Activity: Records follow. Print exactly the lines from the one that has "9月18日下午,黄河路第三小" through the one that has "Tras esto, corta", inclusive, and omit the pictures.

Data for review:
--
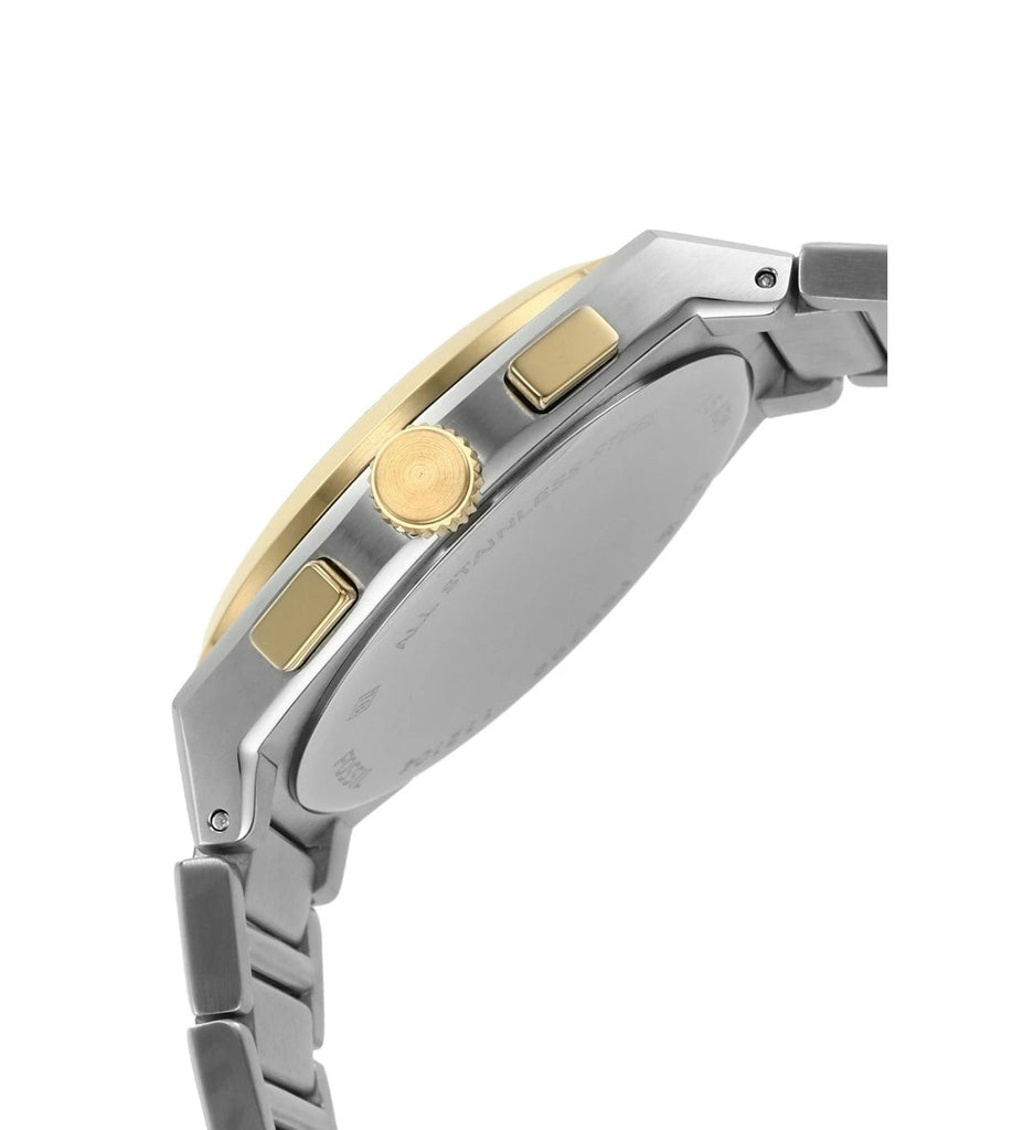 Stainless steel case with a two-tone (silver-tone and gold-tone) stainless steel bracelet. Fixed gold-tone bezel. Cream dial with luminous gold-tone hands and index hour markers. Arabic numeral minute markers (at 5 minute intervals). Minute markers around the outer rim. Dial Type: Analog. Luminescent hands and markers. Date display at the 3 o'clock position.
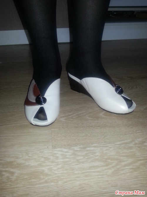 Сабо - само очарование! Танкетка очень удобная и красиво отделана под рогожку. Предусмотрена резиночка на случай, если нога отечет
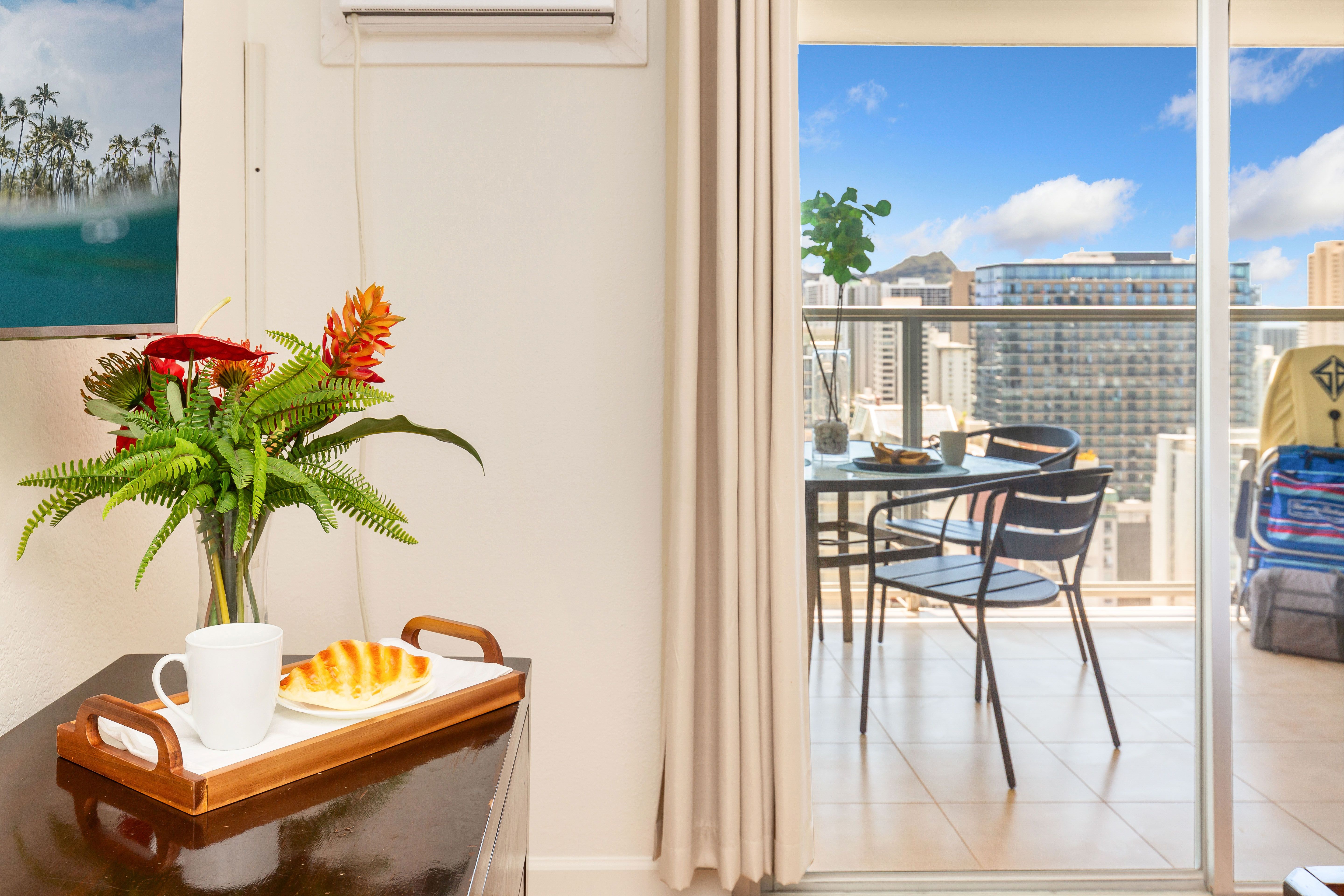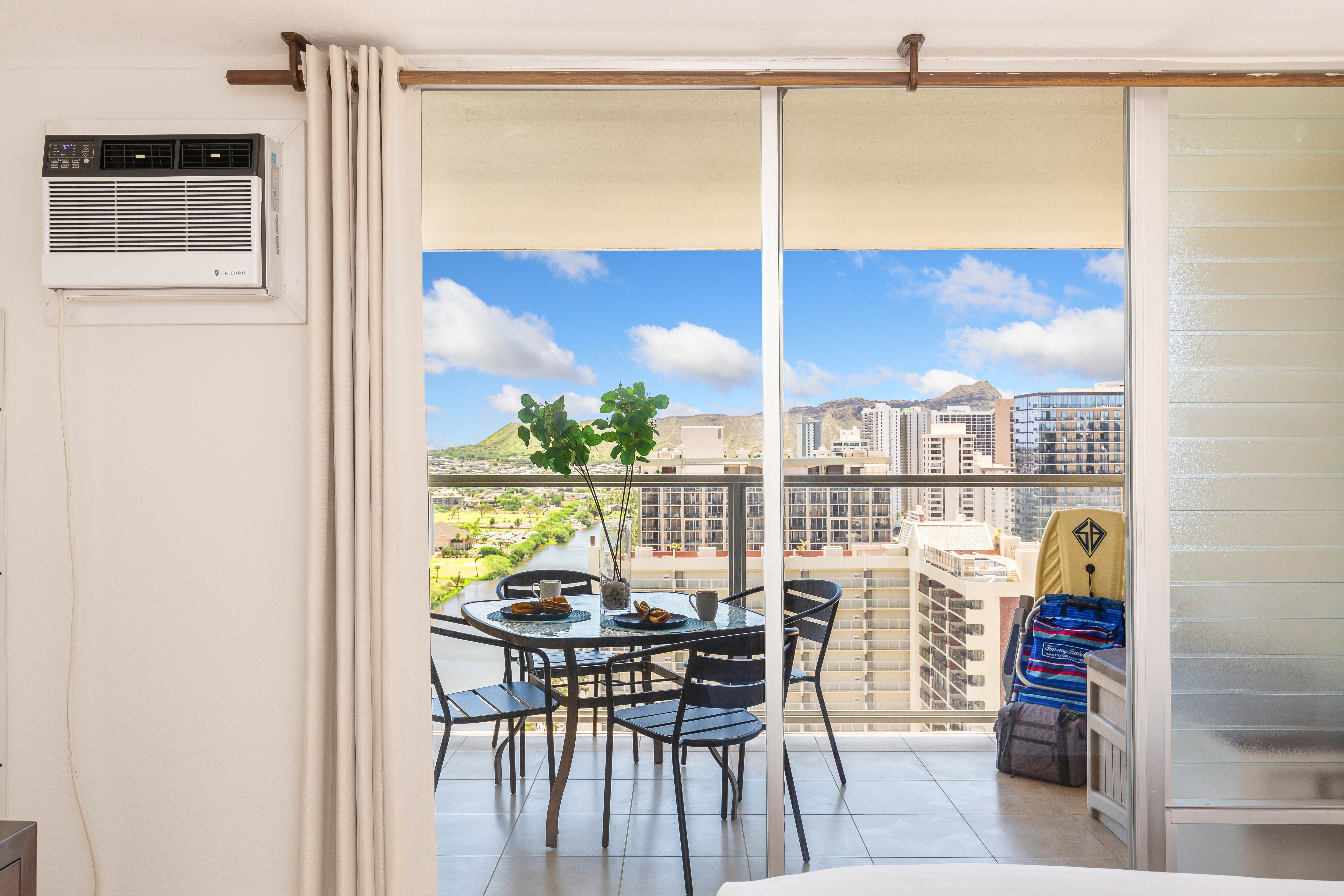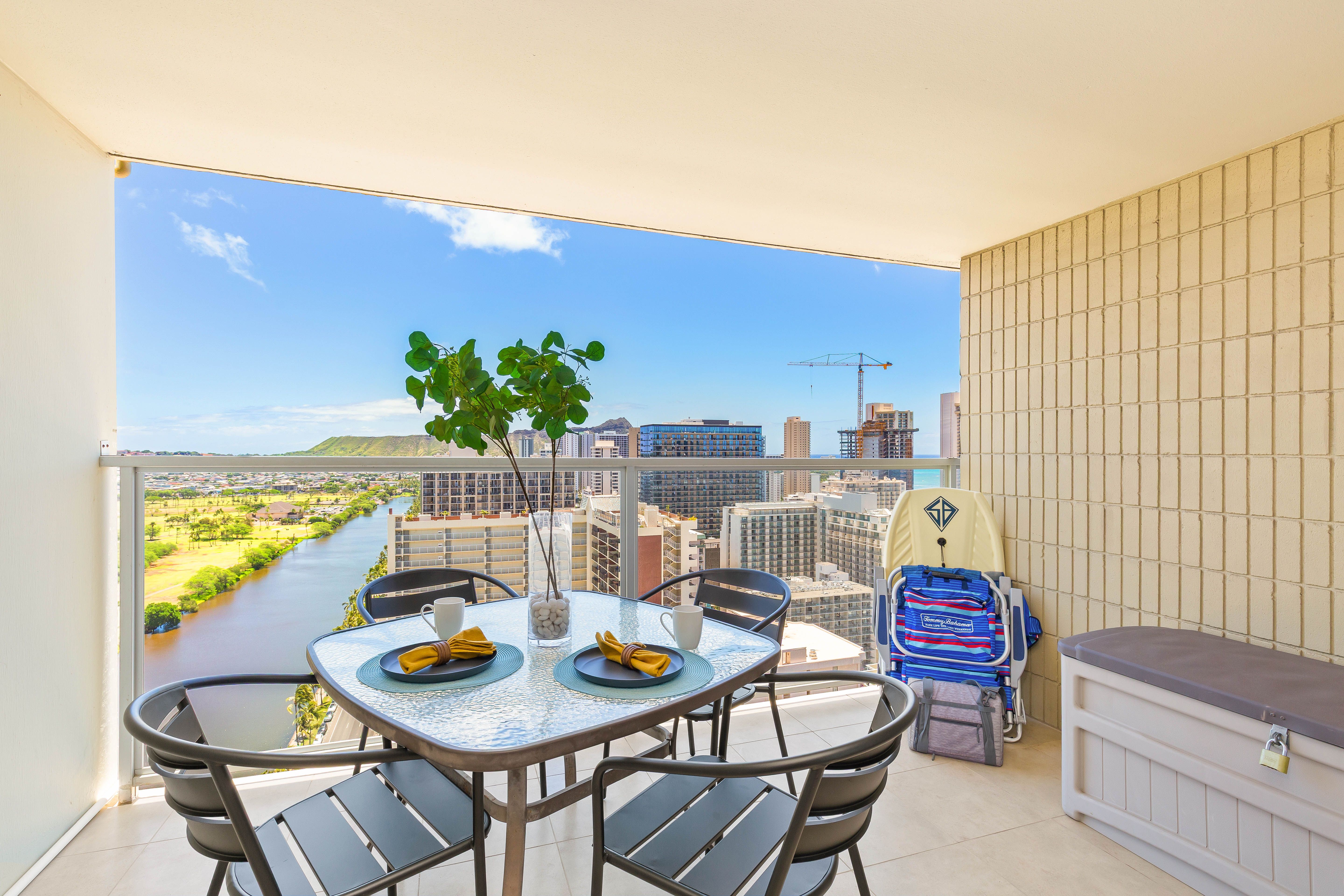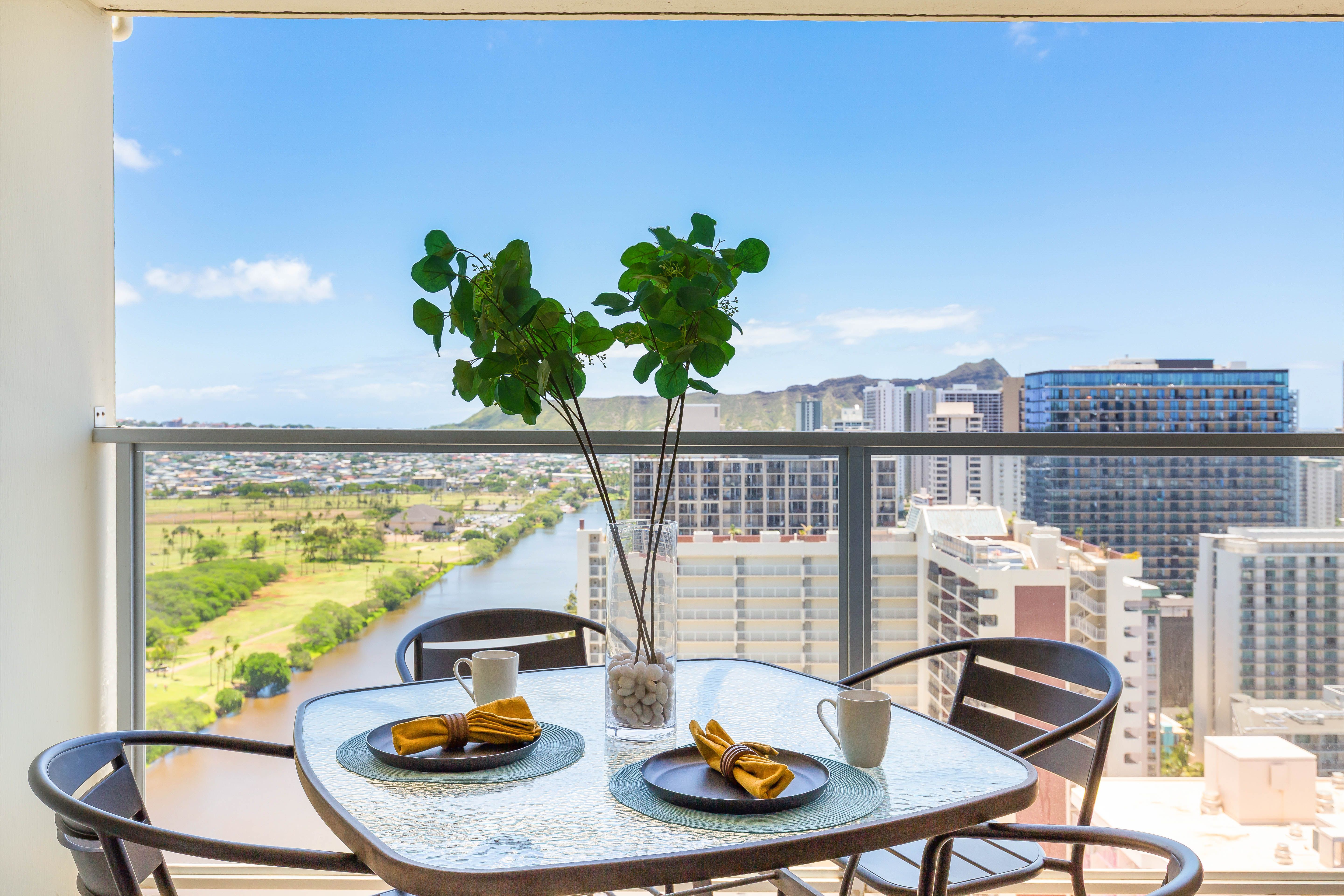 Relax on the balcony with stunning views of the Ala Wai Canal
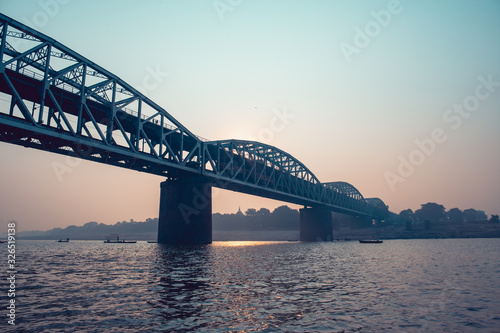 Naklejka premium Wide angle views of a portion of the indian railway bridge of Varanasi on the...
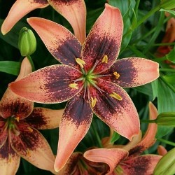 De lelie spreekt al eeuwen tot de verbeelding van de mensheid: in de bijbel als symbool van de schoonheid, in de Middeleeuwen als symbool van maagdelijke reinheid. De bloem geeft op een halfschaduwplaats in uw tuin een effect van verstilde schoonheid .… Aziatische Lelie, 90 cm hoog; lichtzalm aan de uiteinden met zwartpurperen spikkels in het centrum.
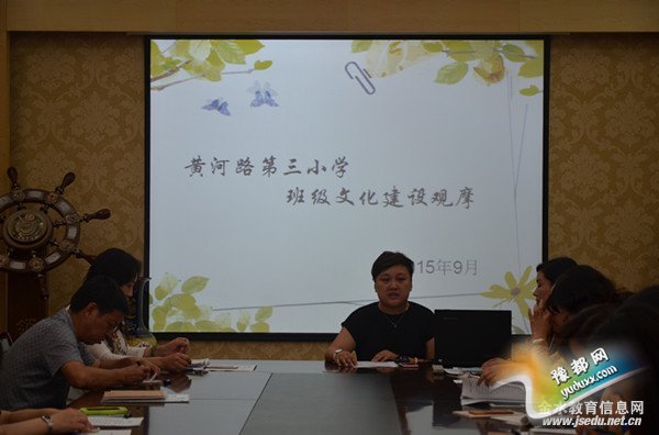 9月18日下午,黄河路第三小学在袁改云校长的带领下班子成员、全体班主任和嘉宾评委老师参与了班级文化建设的评比观摩活动。经过参观、评比,评委们被新颖别致的班级文化所吸引。各班文化建设秉承“做阳光学子 享快乐童年”的办学理念,文化建设既注重外部建设又着力内涵发展。各个年级群策群力,以此为主题进行了多次研讨,力求既有年级统一设计又有班级特色。比如一年级的绿色主题、二年级的花草蝴蝶主题、三年级的“像花儿一样绽放”不织布主题、四年级文化主题、五年级的阅读主题、六年级的班级凝聚力建设等等,都看出了班级文化建设中老师们注重顶层设计,注重整体和谐。各个班级常规栏、黑板报、特色版面、图书角、植物角、卫生角处处都有老师和学生的巧思,制作精美,大方实用。从此次观摩中还感受到了很多班级管理细节处的精彩,比如低年级的雨衣存放处、六年级的植物认养管理卡等等。卫生角的设计也是此次观摩活动的一大亮点,大家就如何做好劳动工具的日常维护、摆放的合理性等各显身手,五年级家长制作的卫生摆放架,劳动工具可以全部摆放上去,而且根据每种劳动工具的特点在摆放架上设计了挂钩、托盘,美观实用,可以在全校推广。
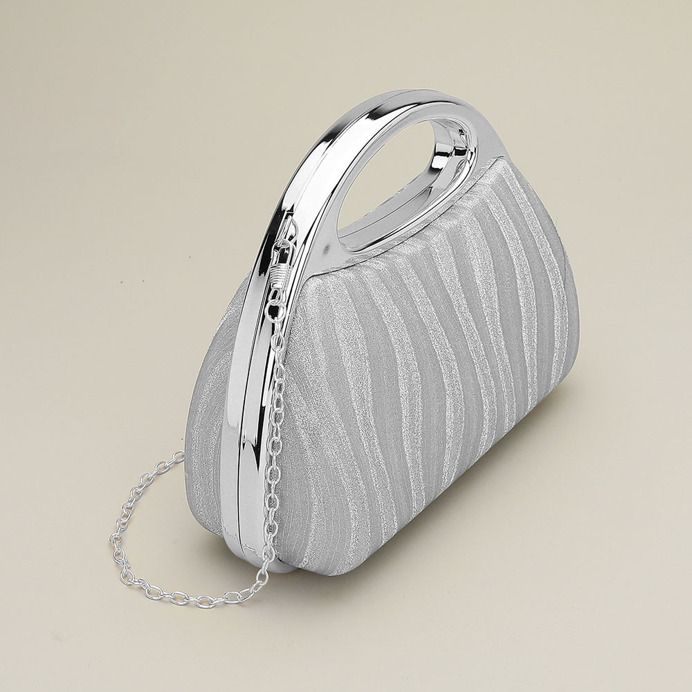 • A refined evening handbag featuring a sculpted silhouette, metallic handle, and shimmering textured body. Designed for formal events, it offers a polished finish and a detachable chain for versatile styling, keeping essentials organized while enhancing any sophisticated look.
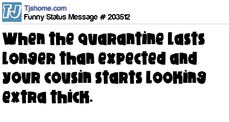 X says When the quarantine lasts longer than expected and your cousin starts looking extra thick.
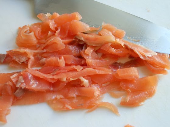 Tras esto, corta las lonchas de salmón ahumado en tiras y reserva.
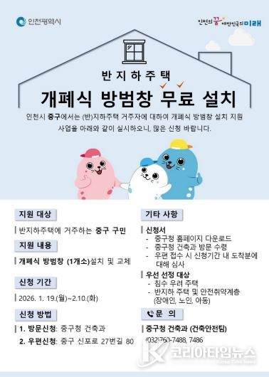 코리아타임뉴스 이아름 기자 | 인천시 중구는 올해에도 반지하주택을 대상으로 ‘개폐식 방범창’ 설치를 무상 지원하며, 침수 피해 예방에 나선다고 20일 밝혔다.
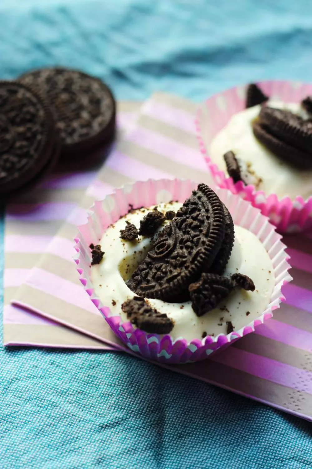 Neem opnieuw de cupcakevorm en verdeel het roomkaasmengsel nu over de verschillende vormpjes. Neem enkele oreo’s en snijd ze in twee. Versier elk cheesecakevormpje nu met een half koekje.
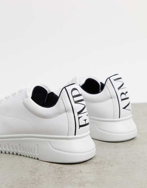 Emporio Armani Sneakers in pelle bianche con etichetta posteriore con logo Very well made.
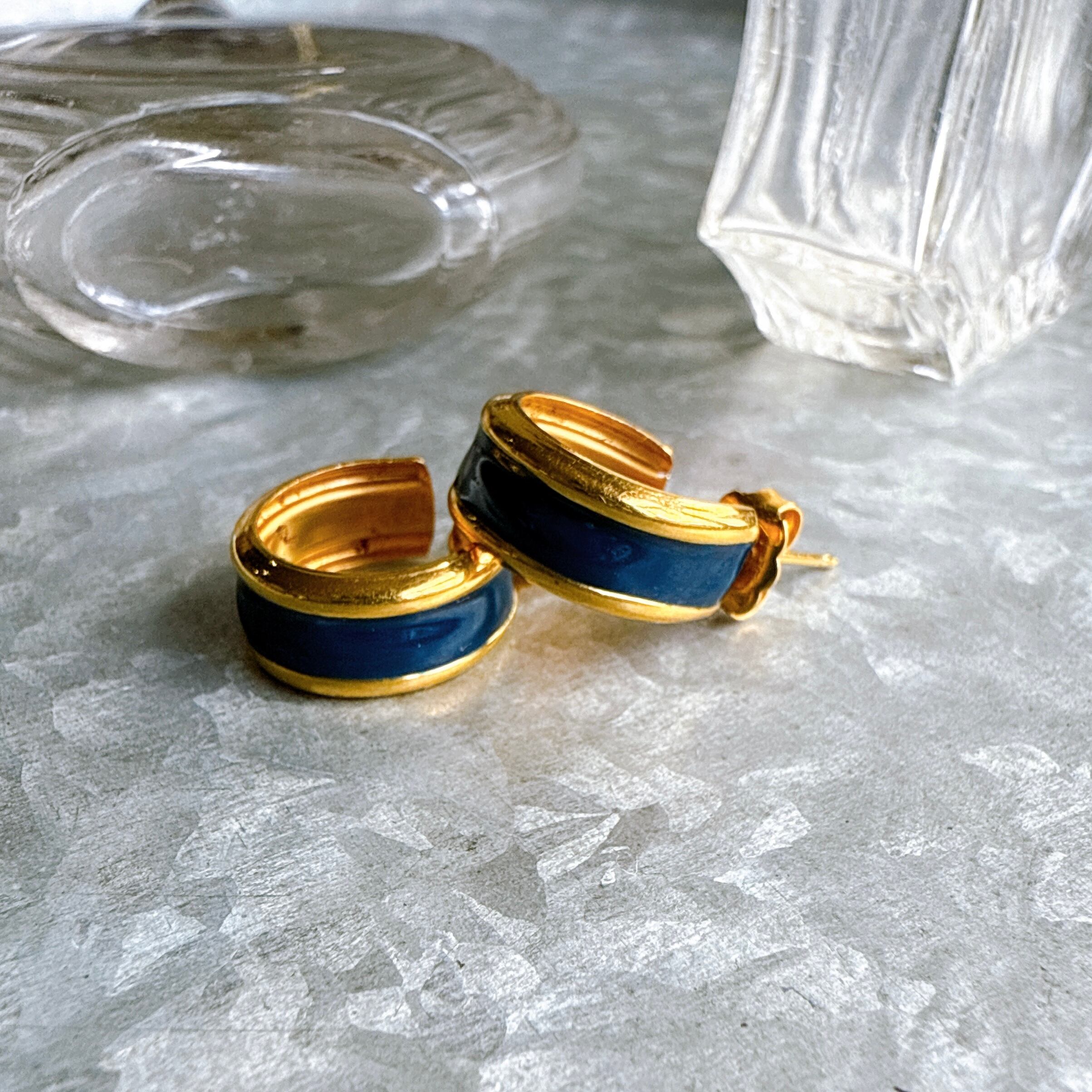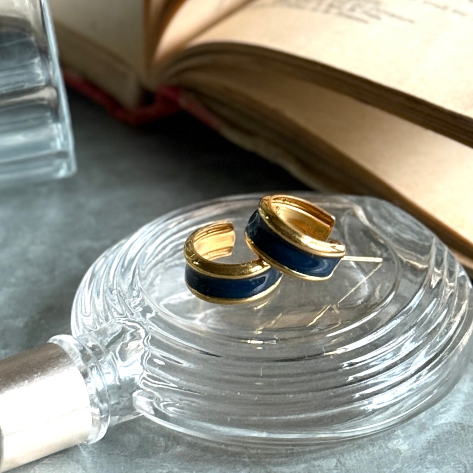 P715-ヴィンテージピアス U.S.A. 1970〜80s " Simply Whispers " Gold Tone Navy Enamel Paint Hoop Pierced Earrings
--
Expected answer:
 9月18日下午,黄河路第三小学在袁改云校长的带领下班子成员、全体班主任和嘉宾评委老师参与了班级文化建设的评比观摩活动。经过参观、评比,评委们被新颖别致的班级文化所吸引。各班文化建设秉承“做阳光学子 享快乐童年”的办学理念,文化建设既注重外部建设又着力内涵发展。各个年级群策群力,以此为主题进行了多次研讨,力求既有年级统一设计又有班级特色。比如一年级的绿色主题、二年级的花草蝴蝶主题、三年级的“像花儿一样绽放”不织布主题、四年级文化主题、五年级的阅读主题、六年级的班级凝聚力建设等等,都看出了班级文化建设中老师们注重顶层设计,注重整体和谐。各个班级常规栏、黑板报、特色版面、图书角、植物角、卫生角处处都有老师和学生的巧思,制作精美,大方实用。从此次观摩中还感受到了很多班级管理细节处的精彩,比如低年级的雨衣存放处、六年级的植物认养管理卡等等。卫生角的设计也是此次观摩活动的一大亮点,大家就如何做好劳动工具的日常维护、摆放的合理性等各显身手,五年级家长制作的卫生摆放架,劳动工具可以全部摆放上去,而且根据每种劳动工具的特点在摆放架上设计了挂钩、托盘,美观实用,可以在全校推广。
 • A refined evening handbag featuring a sculpted silhouette, metallic handle, and shimmering textured body. Designed for formal events, it offers a polished finish and a detachable chain for versatile styling, keeping essentials organized while enhancing any sophisticated look.
 X says When the quarantine lasts longer than expected and your cousin starts looking extra thick.
 Tras esto, corta las lonchas de salmón ahumado en tiras y reserva.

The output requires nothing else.